FIG. 5 illustrates application components operational on a user terminal that enable the user to visually authenticate a source (e.g., sender or owner) of a received website. A cryptographic key 502 is received (from an external source) by the user terminal 504 along with a web page. A key hashing algorithm 506 (e.g., one-way function, collision-resistant function, etc.) is used to obtain a hash of the cryptographic key 502. The hash is then used to select an image from an image library 510 including pre-stored images, icons, and/or visual representations stored in the user terminal 504. The selected image is sent to a user display 512 so that the user may associate the image with the source (e.g., owner or sender) of the particular web page.

To increase security, the key hashing algorithm 506 and/or image selection/generation algorithm 508 are not transmitted to the user terminal 504 with the cryptographic key 502. Instead, they may be obtained by the user terminal 504 independently from the cryptographic key or be part of the software installed on the user terminal 504. The hashing algorithm 506 and image selection/generation algorithm 508 are used to prevent hacking of the cryptographic key 502 based on the key-identifying images displayed to the user. These algorithms cause the selected or generated key-identifying image to be sufficiently unique that no two cryptographic keys are likely to have the same key-identifying image.

Generation of Key-Identifying Images

Images that serve as visual authentications of a sender's identity (i.e., key-identifying images) may be obtained in various ways. Preferably, the image is not sent by a website (originator) to the web browser (user terminal) in real-time, thereby avoiding the risk of having someone capture the image during transmission. Instead, the key-identifying image may be generated or stored on a user's terminal from where it is chosen based on the website cryptographic key. Alternatively, the cryptographic key may be used to generate an image using an image-generation algorithm (e.g., a fractal generation algorithm, etc.).

In one example, a key-identifying image may be selected from a plurality of images stored at a user's terminal. Such images may be icons or hieroglyphs (in grayscale or color) that are part of the user's browser, an independent library, and/or setup by the sending website through an independent setup operation.

In another example, a fractal algorithm residing at a user's terminal uses a website's unique authentication/cryptographic key (or a derivation thereof) to generate a key-identifying image or icon unique to the website.

One level of security may be added to this scheme by using an algorithm on the user terminal to processes the received cryptographic key from a host (e.g., originator or website) and obtain a hash or derivative key which can then be used to select or generate a key-identifying image. By utilizing a derivative key rather than the actual received cryptographic key, it makes it more difficult for a hacker to determine the image generation or selection algorithm from a sample of selected images and/or cryptographic keys.

Yet another feature enables a webpage source (e.g., sender or owner) to define which part(s) or segment(s) of a transmitted cryptographic key should be used by a receiving user's terminal to generate a key-identifying image.

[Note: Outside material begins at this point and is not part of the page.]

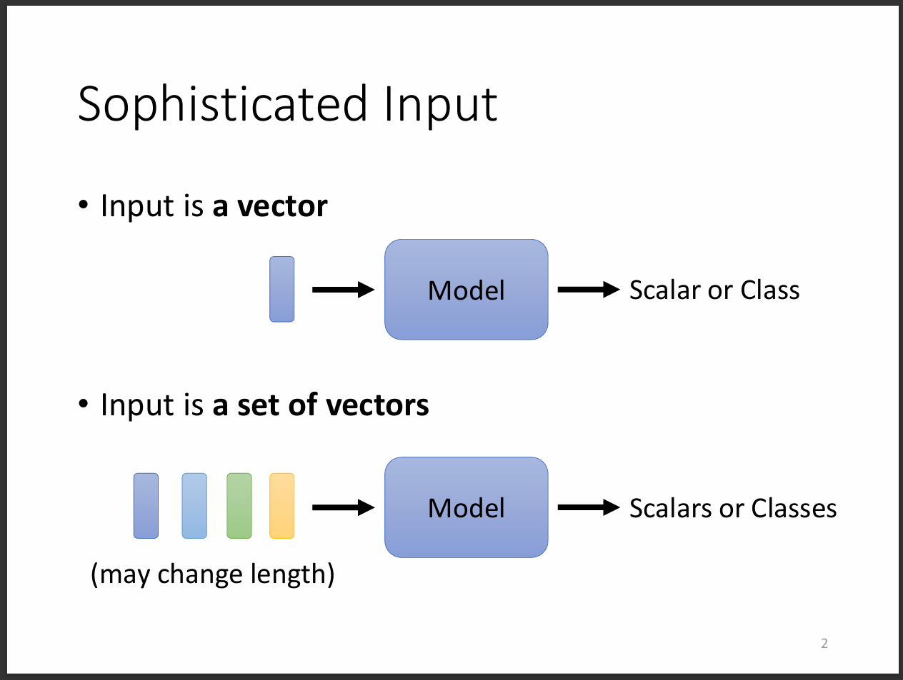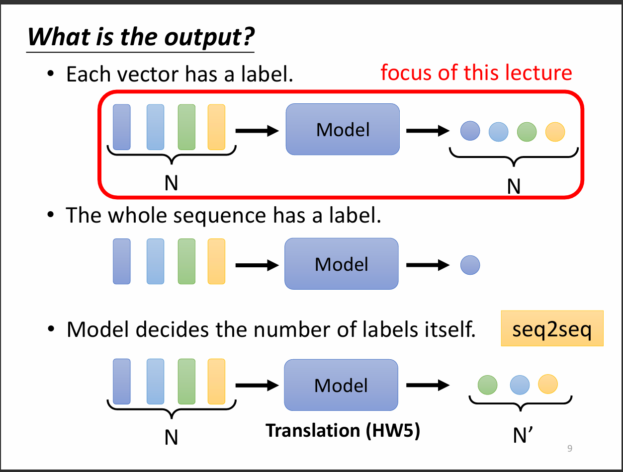 我們從這張圖可以看到輸出大致有三種。第一種是輸入幾個向量輸出就幾個向量,第二種是輸入多個向量只輸出一個向量,第三種則是類似seq2seq的方式輸出,也就是輸入跟輸出的向量數目不相同。

Cryptographic Key Hierarchy

FIG. 6 illustrates how a cryptographic key may include a hierarchy of keys. In this example, the cryptographic key may include a plurality of certificates, such as a Root Key 602, an Issuing Party Key 604, a Client Root Key 606, and an Application Key 608. The Root Key 602 may serve to identify a type of authentication/cryptographic key while the Issuing Party Key 604 may identify the issuing party (e.g., a third party such Verisign, etc.). A Client Root Key 606 may serve to identify a particular website owner (e.g., Yahoo, MasterCard, Bank of America, EBay, etc.). The website owner may have control over the Application Key 608 so that it can assign different keys to its different online applications. Additionally, a website owner to change the Application Key, either periodically or as needed, to disable a compromised key or as a security mechanism.

In various implementations, an key-identifying image may be generated from the whole cryptographic key 600 or from one or more segments of the cryptographic key. For example, images may be generated from either the Client Root Key 606 or from the Application Key 608. Depending on the implementation, a website owner may determine the part/segment(s) of the cryptographic key used in generating the key-identifying image at the user terminal.

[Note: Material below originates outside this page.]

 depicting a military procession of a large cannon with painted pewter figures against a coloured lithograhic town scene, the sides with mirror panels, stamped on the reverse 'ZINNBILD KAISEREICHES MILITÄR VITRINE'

One scheme allows a website owner to change the Application Key 608 as needed or desired. However, if key-identifying images are generated based wholly or partially on the Application Key 608, this change would cause different key-identifying images 612 to be displayed at the user terminal. Such change in key-identifying images may hinder user recognition and/or association of a particular image with a website owner. Therefore, another key, such as a non-changing Client Root Key 606, may be used instead to generate the key-identifying image 610. In this manner, the same key-identifying image 610 would be displayed to the users even if other parts/segments of the cryptographic key 600 are changed.

Another feature may provide constraints that safeguard higher level keys. That is, the website owner may allow a user's terminal to display an image associated with Application Key 608 but prevent images associated with higher level keys 602, 604 and/or 606 from being displayed. Such security scheme would safeguard images generated from higher level keys.

Additionally, a particular website owner may control which key-identifying images are displayed based on class of user or user terminal. For example, when a user terminal requests a website from a web server, it provides its IP address to the web server. Based on the IP address, the website owner can then provide a different cryptographic key to the requesting user terminal or cause a different authentication image to be displayed at the user terminal. Alternatively, the website owner may provide the same cryptographic key but direct user terminals to use different parts of the cryptographic key to cause different key-identifying images to be displayed according to the class of users.

User Activation of Visual Authentication

Another feature grants a terminal user the option of activating and deactivating the key-identifying images. That is, while a user is not allowed to select which image should be associated with a particular website or cryptographic key (this is controlled by the website owner), the user can control whether key-identifying image is displayed at all and certain parameters of the key-identifying image. For example, the user may select a particular library or type of images from which to select the key-identifying image. In another example, a user may optionally activate auditory authentication where a set of audible tones uniquely associated with the cryptographic key are generated.

Authentication on a Wireless Phone

In one implementation, a caller or website's identity may be authenticated using key-identifying images or audio tones. For example, since the caller ID that is displayed on a phone may be spoofed, a key-identifying image or audio tone may be generated based on the caller's phone number or other highly secure number or code. The key-identifying image or tone may be selected from a collection of images or tones stored in the phone or it may be generated based on an algorithm stored phone. In this manner a phone user can authenticate a caller even if the caller ID is spoofed or otherwise modified.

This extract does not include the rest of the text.